Do you wonder if we could ever get used to change in a way that causes us to not remember what it was like “before?”
My mind goes back to March, six months ago. Which, honestly, has it really been that long? COVID-19 struck in Montgomery County, and everyone – including myself – began to have to adjust to a life of Telehealth and virtual everything. Initially, many thought that it would “go back to normal” in a few weeks. In fact – and don’t hesitate to raise your hand if this was you – many individuals welcomed the unapologetic time at home. But just as the many homemade meals we all had time to now create, that got old quickly, too.
It began to settle in for children and families that we didn’t know when things would “go back to normal.” Teachers (and parents) were just trying to get kids to the end of the school year after realizing in-person school would not be occurring after a few cancelled announcements of re-openings. Panic had set in as we rushed to anywhere we could to stock up on toilet paper and cleaning supplies. All of the sudden, our temporary staycation seemed it would last a lot longer. Kids struggled with virtual school and parents struggled with how to navigate Zoom and Google classroom, and trying to help their kids while not becoming completely dysregulated themselves. All of the sudden, the bedroom/kitchen/dining room also became the classroom. Mom and Dad became the teachers assistants. Meanwhile, none of us knew how COVID-19 would continue to affect our lives, jobs, financial stability, and more.
Our brains like predictability. When our brains don’t know what will happen next, they fill in the blanks. This is called anxiety. Many individuals who never experienced mental health issues now knew exactly what anxiety felt like. Entire families living in dysregulation equaled a lot of behaviors from kids and parents (and everyone else we would happen to come across) that were way out of character. I worked with many kids (and their parents) on learning new self-regulation tactics that would assist in the acute state of anxiety many were now living in. I worked with parents in providing psychoeducation as to why the information being presented differently was causing their kids’ brains to go, “WHAT THE HECK?” and then completely shut down. We worked individually to create plans unique to that child to keep them regulated. Keeping a child regulated (and ourselves) is pertinent so learning could occur and lessen maladaptive behaviors resulting from dysregulation. Families worked hard to practice skills learned in sessions and with great improvement, reached a plateau of wellness in COVID-19 times.
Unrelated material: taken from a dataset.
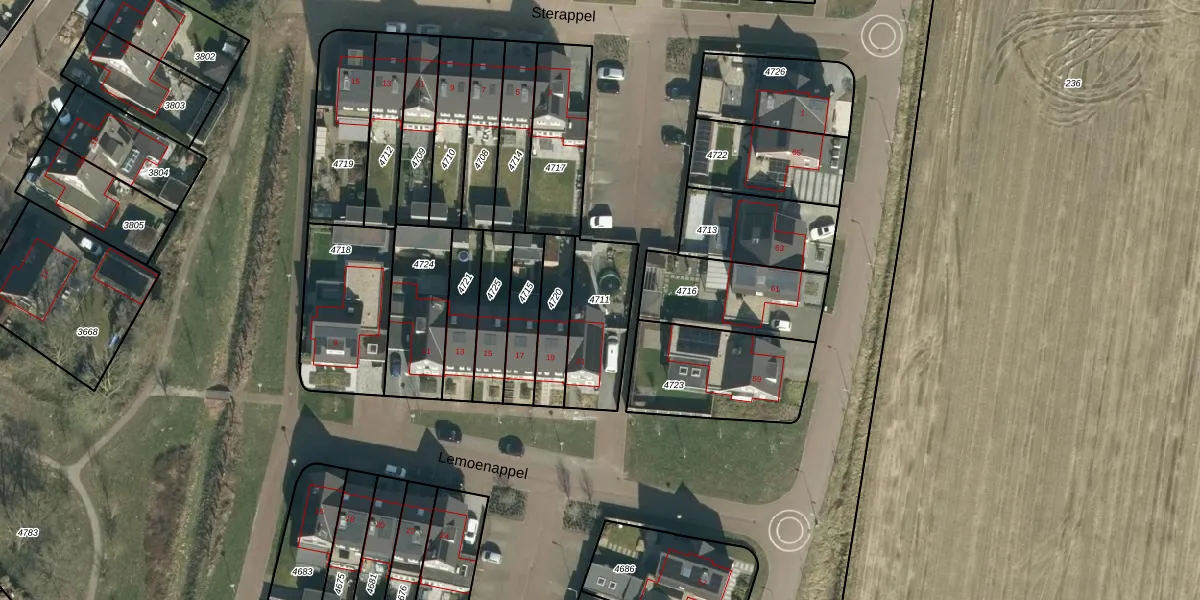 Gebruik de zoekbalk of klik op een perceel om informatie over het perceel te bekijken.

And then it was time for school to start again. Many kids, especially those with impulse control disorders, found they liked virtual school better because they could self-regulate throughout the day without feeling self-conscious. The schoolyear began, and instead of being equipped with fresh pencils and notebooks, kids were equipped with self-regulation skills, fidget toys, brain break plans, and computers. We geared up again, brushed up on our skills in therapy, and many kids have done relatively well.
Until they didn’t. A similar trend from the end of last school year began, coupled with the challenges of virtual schooling and continued isolation. Even though many kids figured out other ways to socialize with their friends, it was clear that not being around other kids was affecting them in a negative way. And the kids have been the ones identifying the issue.
If we picture a “mental health COVID-19” chart, we dipped from the summer plateau of comfort with concerns about the new schoolyear, rose in the beginning of the schoolyear when we thought we liked virtual school, and have begun to dip again. While this is not the experience of everyone, schools identified the lack of social isolation and virtual learning as a reason to create a plan of safety which would enable kids to go back to school.
Alas, a new challenge of change! While many kids share they want to go back, many are also hesitant for various reasons. These reasons include fears of being exposed to COVID-19 and how it could affect their loved ones, school buildings they haven’t even been in yet (new middle schoolers, high schoolers, etc!), being away from home and family, and how to socialize. Kids are used to being home. They’re used to being with a parent/guardian for the majority of their time. They are not used to socializing with friends and classmates “in real life” like before.
Anxieties surrounding these topics have pulled the rug out, yet again. Resiliency is an amazing thing. I know that kids and their parents can work through the most recent “dip” and become comfortable again with things they had to learn to live without six months ago. I know that adults with no children can also become comfortable again with what they had to learn to live without. You don’t have to do it alone. Therapy can assist in guiding through the process, reviewing coping skills and learning new ones, and reminding you that the strength to persevere has always been within – but sometimes we need a little help.